Gambling interests send lawmakers campaign cash
Another gambling vote could be coming up this November in Illinois, this time on overriding Gov. Pat Quinn's veto of a bill that would allow slot machines at race tracks as well as new casinos.
SPRINGFIELD -- With state lawmakers in coming months possibly poised to consider a tough vote over whether to expand gambling in Illinois, casino and horse racing interests in the suburbs are giving thousands of dollars to candidates on both sides of the issue.
A review of campaign finance records shows Arlington Park has given $82,047 to state-level candidates since lawmakers finished their session in June. Track officials want lawmakers to override a veto from Gov. Pat Quinn that would allow the racetrack to have up to 1,200 slot machines.
On the other side, casino company Penn National Gaming has donated $91,500 over the same time period. The company owns the Hollywood Casino in Aurora and one of the two casinos in Joliet.
Penn National would rather the veto stick, ending for now the prospect of five new, competing casinos that also are included in the gambling bill.
Arlington Park spokesman Thom Serafin said the track has given to candidates for decades. But, he said, people shouldn't assume a quid pro quo, as the track has also wanted slot machines for decades.
Plus, Serafin said, Arlington Park supports Gov. Pat Quinn's ethics proposals that include barring gambling interests from donating to candidates.

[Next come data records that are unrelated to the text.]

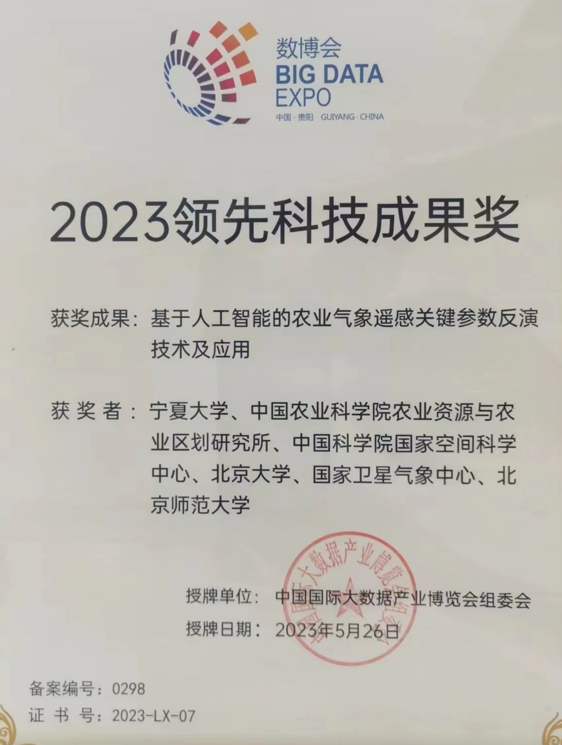 【澳门十大信誉网赌大全新闻中心讯 电子与电气工程学院】5月26日,中国国际大数据产业博览会(以下简称数博会)领先科技成果重磅发布。由澳门十大信誉网赌大全联合中国农业科学院和中国科学院等3家科研单位共同研发的“基于人工智能的农业气象遥感关键参数反演技术及应用”,从357个申报项目中脱颖而出,荣获 “2023领先科技成果奖”。
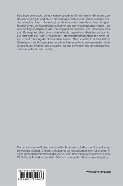 Das Buch untersucht, ob es einen Anspruch auf Erteilung einer Erlaubnis zum Börsenbetrieb gibt und ob ein Börsenträger sich seiner Börsenerlaubnis wieder entledigen kann. Hierzu legt der Autor - unter besonderer Beachtung der Berufsfreiheit, der Dienstleistungsfreiheit und der Niederlassungsfreiheit - die Anspruchsgrundlagen für die Erteilung und den Widerruf der Börsenerlaubnis dar. Er zeigt auf, dass eine privatrechtlich organisierte Gesellschaft aus der EU oder dem EWR bei Erfüllung der Tatbestandsvoraussetzungen einen Anspruch auf Erteilung der Börsenerlaubnis hat. Nach erteilter Erlaubnis hat die Gesellschaft als Börsenträger trotz ihrer Betriebspflicht gewissermaßen einen Anspruch auf Widerruf der Erlaubnis, da das Ermessen der Börsenaufsichtsbehörde auf Null reduziert ist.
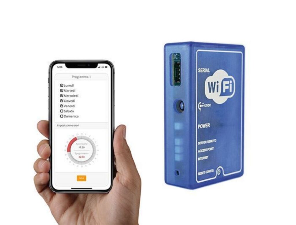 - Kit wifi per la gestione comandi a distanza tramite App WayApp dedicata installabile gratuitamente da Apple Store e Google Play Store (iOS e Android), posto all’interno della stufa; installabile anche in un secondo momento.

"These are all thing we've always supported," Serafin said.
Rivers Casino developer Neil Bluhm and his family, developers of the Rivers Casino in Des Plaines, have chipped in thousands of dollars to both Republicans and Democrats. On Friday, for example, the Bluhm family sent $15,000 to campaign committees controlled by House Republican Leader Tom Cross and Democratic Senate President John Cullerton, campaign records show. Neil Bluhm has given $36,000 to lawmakers since Aug. 1.

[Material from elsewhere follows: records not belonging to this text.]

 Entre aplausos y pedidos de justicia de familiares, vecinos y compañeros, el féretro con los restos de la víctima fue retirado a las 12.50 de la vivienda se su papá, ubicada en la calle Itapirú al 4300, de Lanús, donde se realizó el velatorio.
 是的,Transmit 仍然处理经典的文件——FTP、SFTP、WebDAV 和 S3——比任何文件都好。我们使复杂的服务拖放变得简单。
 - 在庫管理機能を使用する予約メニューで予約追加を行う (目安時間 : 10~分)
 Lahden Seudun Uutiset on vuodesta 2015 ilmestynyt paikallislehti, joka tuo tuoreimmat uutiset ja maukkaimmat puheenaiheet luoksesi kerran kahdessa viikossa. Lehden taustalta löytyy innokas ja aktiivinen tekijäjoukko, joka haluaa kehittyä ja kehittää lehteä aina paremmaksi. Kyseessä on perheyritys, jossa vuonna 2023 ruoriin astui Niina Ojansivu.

Representatives Penn National Gaming and Bluhm didn't respond to requests for comments.
Gambling interests always give to state officials around election time. State lawmakers have argued for decades about how many gambling options Illinoisans should have and where those options should be. And state regulators have a tight grip on how the industry does business.

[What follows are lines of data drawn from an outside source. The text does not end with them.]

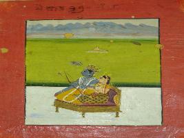 | Description / विवरण | Miniature painting based on Ramayana depicting Ram and Sita sitting on a throne, under a canopy. Ram is depicted holding bow and arrow in his hand. |
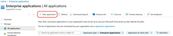 Damit die SAML-Authentifizierung erfolgreich funktioniert, müssen Sie eine Unternehmensanwendung in Ihrem Microsoft Entra Admin Portal einrichten. Dies ist eine einfache Aufgabe und ermöglicht die Bereitstellung des Signierzertifikats, das für SAML-Authentifizierungsanfragen und Token benötigt wird, sowie der Konfigurations-XML-Daten.
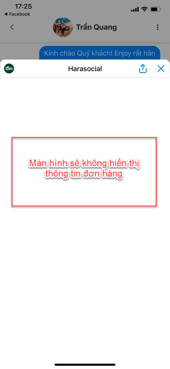 Tuy nhiên với quyền admin của trang, khi truy cập vào Messenger để xem thông tin đơn hàng thì sẽ không thể xem được.

But the gambling expansion stakes have perhaps never been higher. After the elections, lawmakers are scheduled to meet before the new lawmakers takes office in January.
Quinn has vetoed their expansion plans, but lawmakers could override him. It would be the first time in decades of debating gambling expansion that lawmakers could make new casinos and slots at the horse tracks final with one vote. Other actions over the years were to try to send legislation to the governor, which they did in May.
Whether lawmakers override Quinn is initially up to state Sen. Terry Link, a Waukegan Democrat. He said he hasn't decided how to proceed, instead focusing on the upcoming election.
Link said he wouldn't need to push for an override if lawmakers and Quinn instead could come to an agreement on gambling in the coming months.
"Either way we can do it is fine with me," Link said.
To override the veto, Link will have to find some more votes. The Illinois Senate, for example, would have to find at least six more supporters among 59 senators in order to override Quinn. The House needs two of 118 members to change their minds.